Enhancing security in IoMT using federated TinyGAN for lightweight and accurate malware detection

Why smarter security matters for connected medical devices

From hospital beds to fitness watches, an exploding number of medical gadgets are now online, quietly collecting heart rates, insulin levels, and other sensitive data. This “Internet of Medical Things” (IoMT) promises better, faster care—but it also opens new doors for hackers. The paper summarized here introduces a new way to spot malicious software, or malware, on these devices that is both highly accurate and gentle on their limited battery, memory, and processing power.

The growing risk in a world of smart devices

Billions of everyday objects—from infusion pumps to home blood-pressure cuffs—communicate over the internet. Because they are cheap, tiny, and built by many different manufacturers, they often lack strong, uniform security. Malware that infects even one such device can quickly spread through a hospital or home network, steal private data, or launch disruptive attacks like the infamous Mirai botnet that once knocked major websites offline. Traditional defenses frequently rely on central servers that collect raw data from every device, analyze it, and send back decisions. While effective, this approach can overload fragile devices, introduce delays, and create juicy targets for attackers who need only breach the central database to access everything.

A new way to learn from devices without exposing their data

The authors propose a different strategy built on a technique called federated learning. Instead of shipping raw data to a central server, each device trains its own small detection model locally using its own traffic logs. Periodically, the devices send only anonymized model updates—like refined “rules of thumb”—to a central server, which averages them into a stronger, shared model and sends the improved version back. No personal or medical data ever leaves the devices. This design cuts down on bandwidth use, respects privacy laws and patient trust, and can adapt as new attack patterns emerge in the wild.

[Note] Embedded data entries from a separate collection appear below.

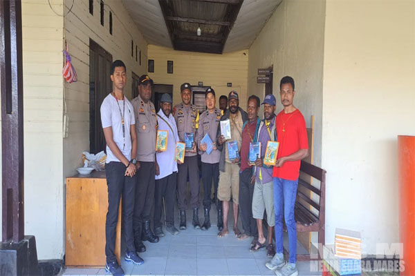 “Selain dengar saran dan masukan dari masyarakat terkait Kamtibmas lanjut “Kapolsek Mapia dan Kanit Binmas Melakukan pembagian Buku Cerita Alkitab berupa buku Renungan Harian dan buku Cerita sekolah minggu maksud dan tujuan agar Pihak gereja dan juga tokoh masyarakat dan tokoh adat selalu bergandengan tangan dalam menjaga Kamtibmas di Wilayah Distrik Mapia
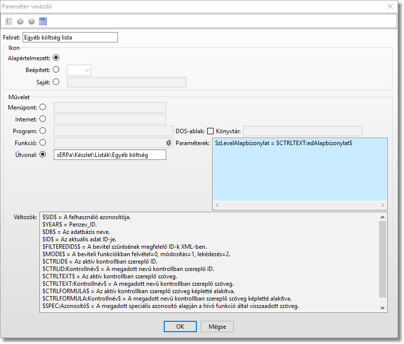 Az útvonal nagyon hasonlít a Menüponthoz, az útvonalnál is a grafikus menü útvonalát kell megadni. A menü nevét (sERPa\) el lehet hagyni. Annyiban különbözik a Menüpontban megadható beállítástól, hogy az útvonal paraméterezhető. Akkor hasznos, ha például egy automatikus listát szeretnénk elindítani nyomógombbal, és szeretnénk kezdő paramétert adni a listának.
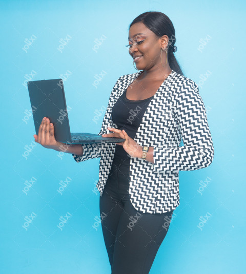 Jeune femme africaine en costume souriante manipulant son ordinateur sur un fond bleu
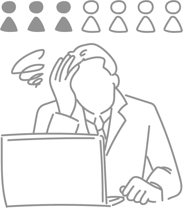 急な退職で人手不足になると、給与計算や手続きが滞り業務負荷が増大。 代替人材が見つからないと会社全体に影響することも。
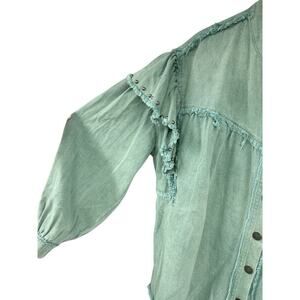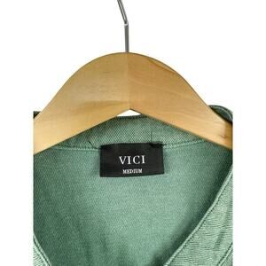 Vici Collection Green Stuffed Ruffle Shoulder Oversized Shacket Jacket Womens M
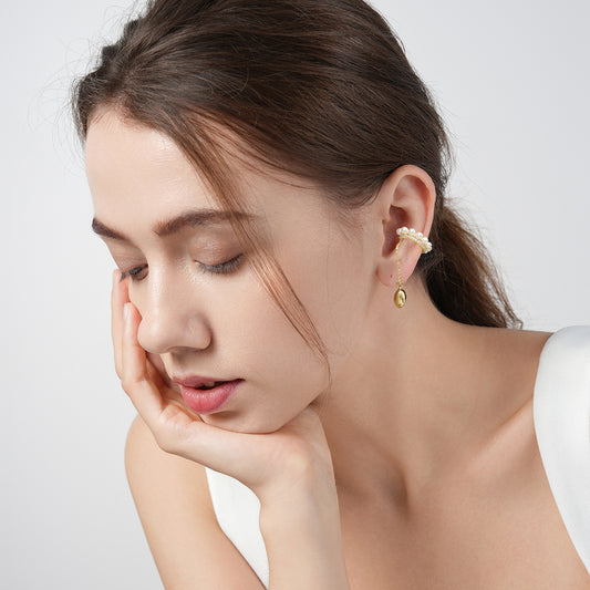 Tassel Heart Pendant Temperament Pearl Double Layer Exquisite Ear Clip

Teaching the system about rare and new attacks

A key challenge in security is spotting rare or never‑before‑seen (“zero‑day”) malware. Real-world datasets are often unbalanced: common attacks show up everywhere, while some dangerous variants occur only a handful of times. To tackle this, the framework adds a compact synthetic data generator called TinyGAN. On each device, TinyGAN learns the statistical “shape” of malicious network flows and then creates realistic fake examples that resemble hard-to-find malware. These synthetic samples are mixed with real traffic to train the local detector, giving it a richer sense of what bad behavior can look like without needing to collect huge amounts of real attack data.

Putting the system to the test on real network traffic

The researchers tested their approach on IoT‑23, a large public dataset of internet traffic that includes many well-known IoT malware families such as Mirai and Hajime. They deployed the system on two modest edge devices—a Raspberry Pi and an NVIDIA Jetson Nano—connected to a central server, mimicking a small but realistic IoMT setup. They compared three options: a simple neural network (MLP), a deeper model that mixes feedforward and memory-based layers (FNN/LSTM), and their federated TinyGAN design. While the heavier FNN/LSTM reached very high accuracy in a simple two-class task (malicious vs. benign), it struggled when asked to distinguish between many types of malware and required more time and resources. The simple MLP ran easily on small devices but failed to generalize across the very different data each device saw. In contrast, the federated TinyGAN system converged quickly—within about 20 training rounds—and delivered a precision of 99.30%, a perfect recall of 100%, and an overall F1 score near 99.5%, all while keeping model size and memory use low enough for real IoT hardware.

Robust, private protection for the medical internet

Beyond raw accuracy, the authors examined how their system behaves under stress. They showed that even if one device in the small network is compromised and deliberately mislabels data, or if the communication channel is noisy, the global model’s performance degrades only slightly and continues to improve over time. Analyses of the synthetic data confirmed that TinyGAN produces varied, realistic malware examples rather than merely copying the training set, helping the model avoid overfitting and better handle unfamiliar attacks. Overall, the study concludes that combining federated learning with a lightweight synthetic data generator offers a practical, privacy-preserving way to harden medical and other IoT devices against evolving malware, without demanding heavy hardware or exposing sensitive patient information.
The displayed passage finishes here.